I submit that the current goal of education in the United States of America is to create worker bees and boss bees.  Weber confirms this thought, “today’s capitalism, which has come to dominance in economic life, creates and trains, by means of economic selection, the economic subjects — entrepreneurs and workers — that it needs” (Weber, 2002, 13).  The economic selection process is the grading system in the schools, the weeding out mechanism.  Furthermore, Dr. martin Luther King said, “we are prone to judge success by the index of our salaries or the size of our automobiles, rather than by the quality of our service and relationship to humanity” (king, 1987, 21).  Capitalism, as practiced in the USA is one born from protestant ideas about labor and its relationship with salvation and is primarily concerned with individually attaining wealth as a symbol and representation of one’s own of state of grace, “tireless labor in a calling was urged as the best means of attaining this self-assurance.  This and this alone would drive away religious doubt and give assurance of one’s state of grace” (Weber, 2002, 78).  So the dominant cultural values of individualism and attainment of money are the two core driving influences that that shape the school system.  These are also my points of attack.

language use is a representation of one’s life view, not of life itself and is subject to revision.  Just as is for one part of a system is for the entire system.  Transforming the educational system requires a shift from individual concern for self to a more communal concern for self in relationship with others.  As Dr. Martin Luther King said, “an individual has not started living until he can rise above the narrow confines of his individualistic concerns to the broader concerns of all humanity” (King, 1987, 17).  Once this rise happens in one, then the revolution can extend to an entire system.  How? By folding new information into a student’s current state of life view. Only from understanding a student’s perspective, from his or her own terms, can a teacher determine how to allow the student to include new stuff into their life view.  Simply having a student reflect about course material, any course material, will lead to knowledge that can cross cultural boundaries.  Though cognition across cultures is meant as in between people of different ethnic backgrounds, teachers, staff, students and parents are all sub-cultures within the culture of the educational system itself.  Therefore a teacher must affect cognition across a culture regardless of any student’s background.
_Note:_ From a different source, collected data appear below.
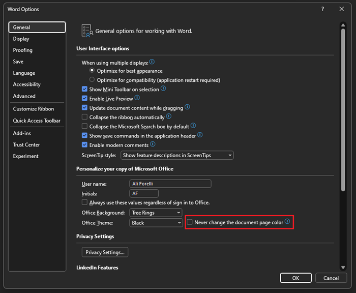 - 파일 > 옵션 > 일반 > Microsoft Office 복사본 개인 설정 으로 이동합니다.
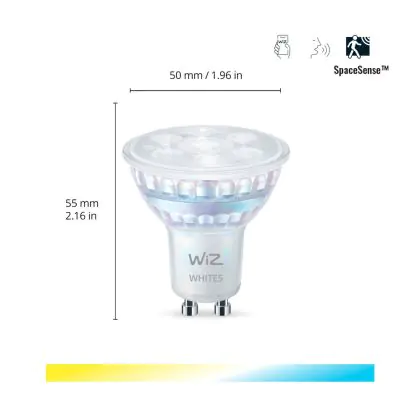 Die Doppelpack 2x WiZ Smart LED-Spot GU10 PAR16 5W 400lm 36D | Höchste Farbwiedergabe - Dimmbar - Ersatz Für 50W ist eine effiziente GU10 LED-Lampe und der perfekte Ersatz für Ihre konventionelle Halogenlampe mit 50W und einem GU10-Sockel, bei welchem die zwei Stifte einen Abstand von 10 mm zueinander haben. Zudem strahlt das Produkt Licht in der Farbtemperatur aus und punktet durch eine lange Lebensdauer.
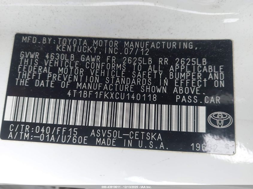 2012 TOYOTA CAMRY - 4T1BF1FKXCU140118, цвет - Белый, 2.5, Бензин, Передний привод из США
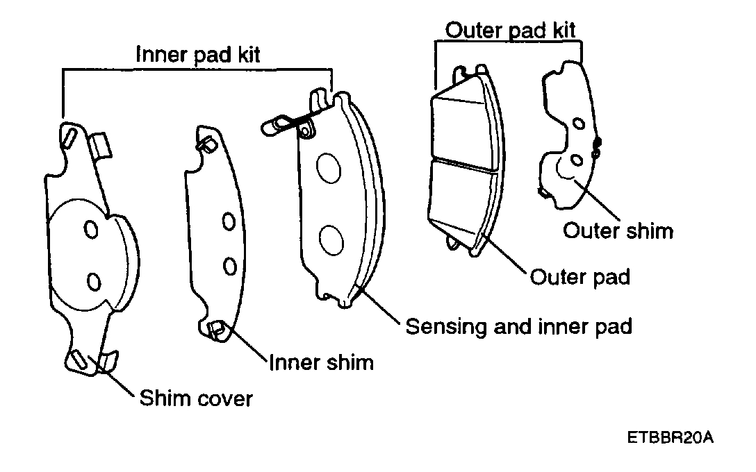 4. Install the new pads. The shims are attached to each pad as illustrated.
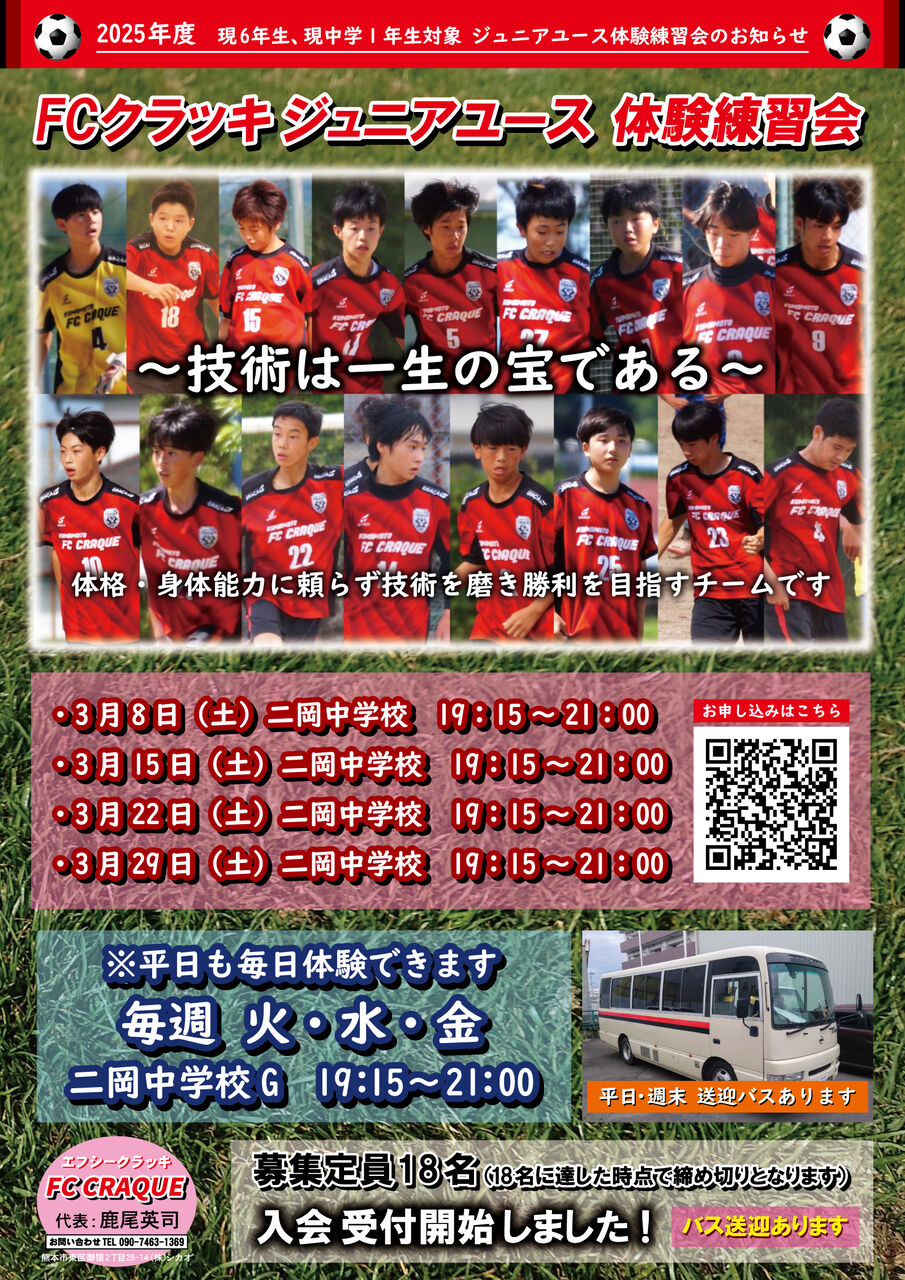 FCクラッキジュニアユース 無料体験会のお知らせ

It may seem an oversimplification to suggest that merely writing and naming the world and then incorporating the new with what was there to begin with can improve practice.  However, this method implies compassion for attention to each student.  There is nothing harder.  Understanding, or at least attempting to understand others should be the goal of all human action, after all, we are all little more than worm food in the final analysis.

King, C.S. (1987). The Words of Martin Luther King, Jr. Newmarket Press: NY.

Weber, M. (2002). The Protestant Ethic and the Spirit of Capitalism. Penguin Books: NY.